Recorded information =
———

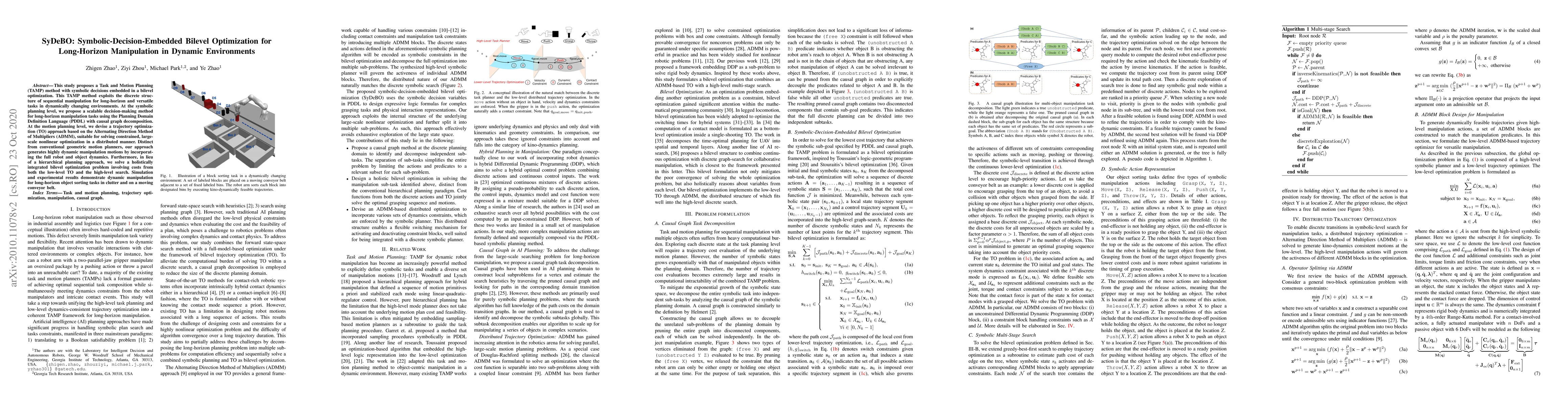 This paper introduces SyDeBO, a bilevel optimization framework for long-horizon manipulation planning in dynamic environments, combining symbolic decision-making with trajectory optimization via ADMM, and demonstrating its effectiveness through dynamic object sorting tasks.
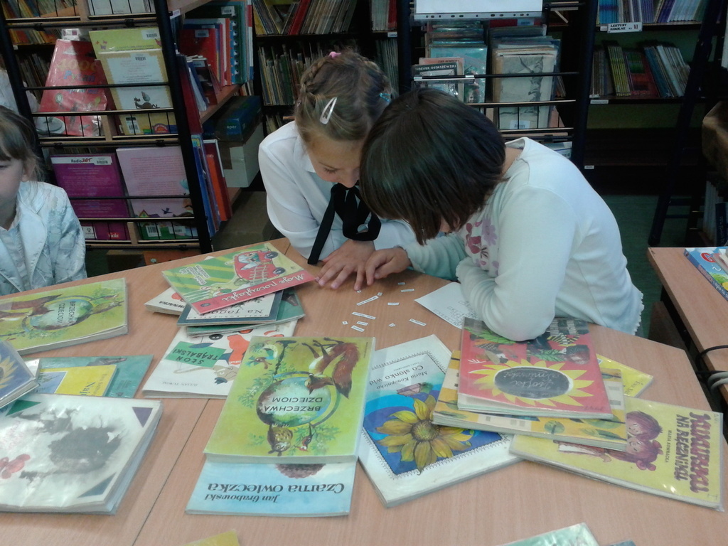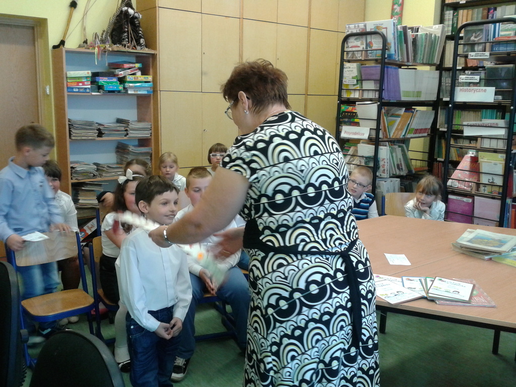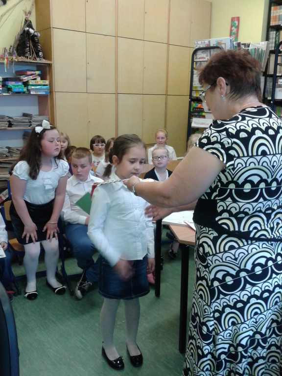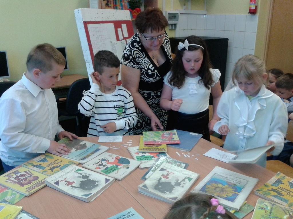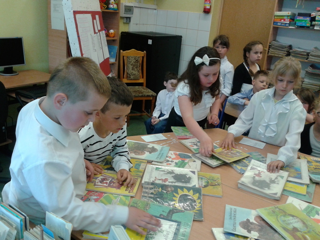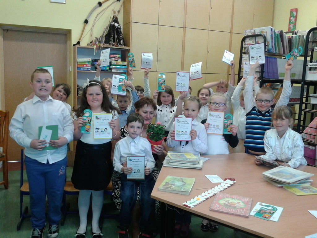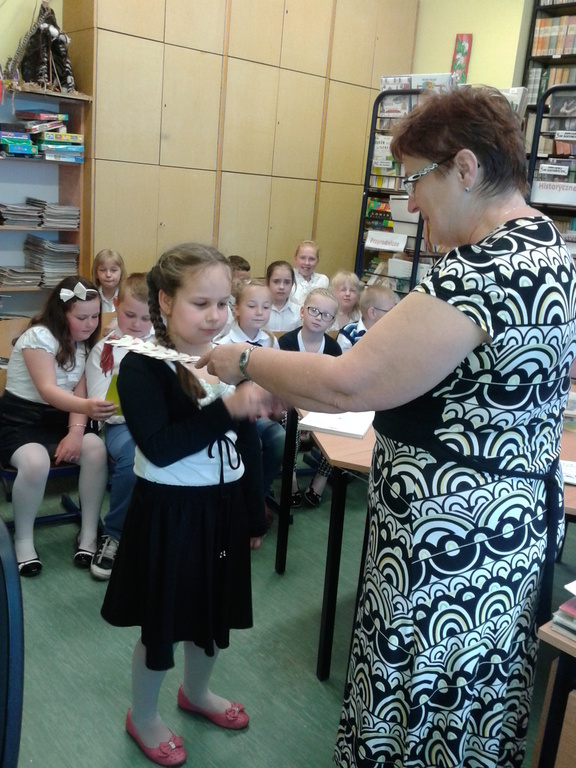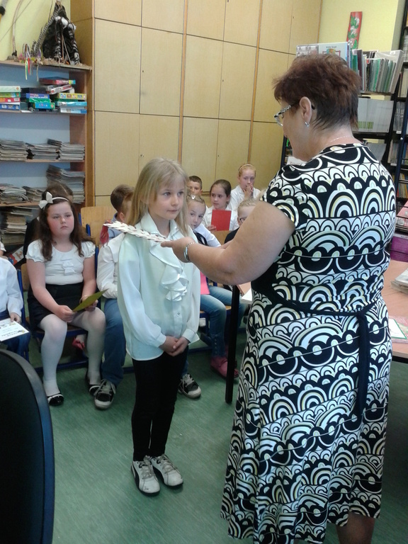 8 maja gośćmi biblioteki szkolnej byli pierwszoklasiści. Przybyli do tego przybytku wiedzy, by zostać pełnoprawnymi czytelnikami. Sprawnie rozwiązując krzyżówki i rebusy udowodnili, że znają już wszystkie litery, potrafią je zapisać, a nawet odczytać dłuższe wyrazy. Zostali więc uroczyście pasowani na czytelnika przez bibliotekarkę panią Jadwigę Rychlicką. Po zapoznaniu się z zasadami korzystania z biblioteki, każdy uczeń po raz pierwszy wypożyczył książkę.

———

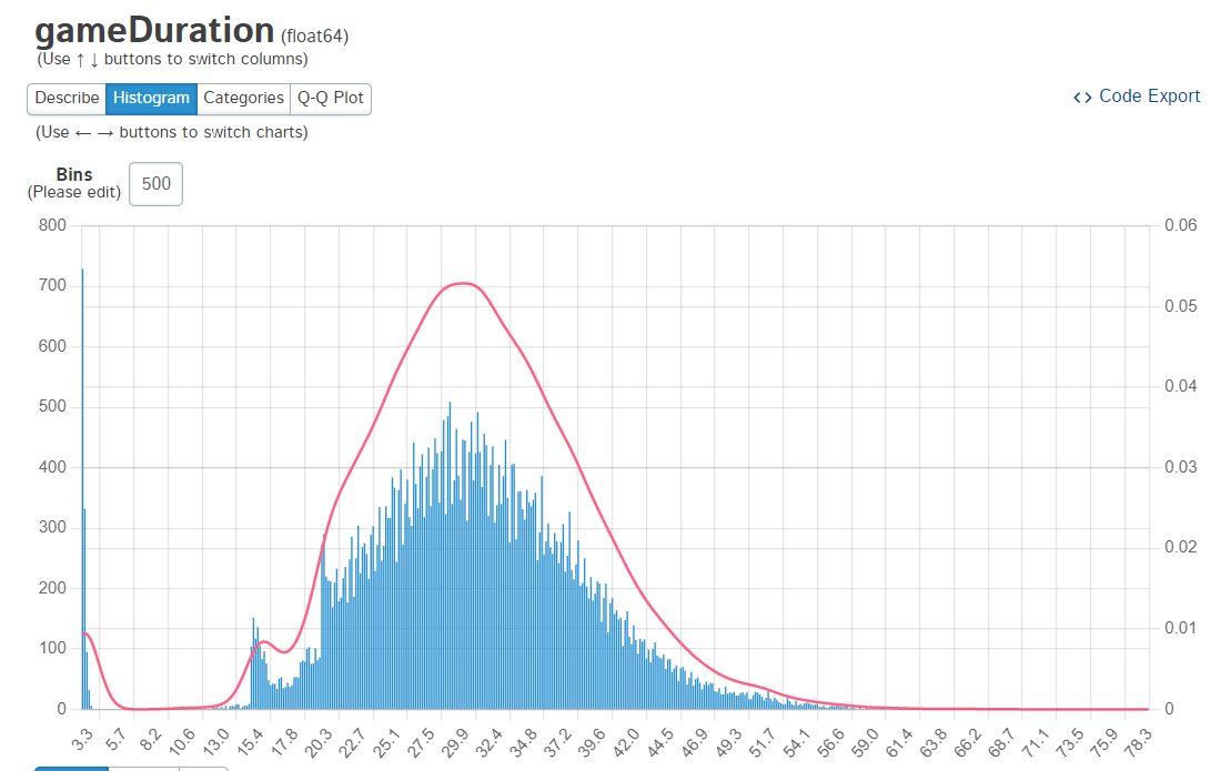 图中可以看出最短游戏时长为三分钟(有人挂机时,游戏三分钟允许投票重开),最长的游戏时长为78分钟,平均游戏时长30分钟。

———

What to do = In the records above, everything from the line with "This paper introduces" down to the line with "8 maja gośćmi" is to be set down exactly, both ends included, with no pictures and no other lines.

Response to this exercise =
 This paper introduces SyDeBO, a bilevel optimization framework for long-horizon manipulation planning in dynamic environments, combining symbolic decision-making with trajectory optimization via ADMM, and demonstrating its effectiveness through dynamic object sorting tasks.
 8 maja gośćmi biblioteki szkolnej byli pierwszoklasiści. Przybyli do tego przybytku wiedzy, by zostać pełnoprawnymi czytelnikami. Sprawnie rozwiązując krzyżówki i rebusy udowodnili, że znają już wszystkie litery, potrafią je zapisać, a nawet odczytać dłuższe wyrazy. Zostali więc uroczyście pasowani na czytelnika przez bibliotekarkę panią Jadwigę Rychlicką. Po zapoznaniu się z zasadami korzystania z biblioteki, każdy uczeń po raz pierwszy wypożyczył książkę.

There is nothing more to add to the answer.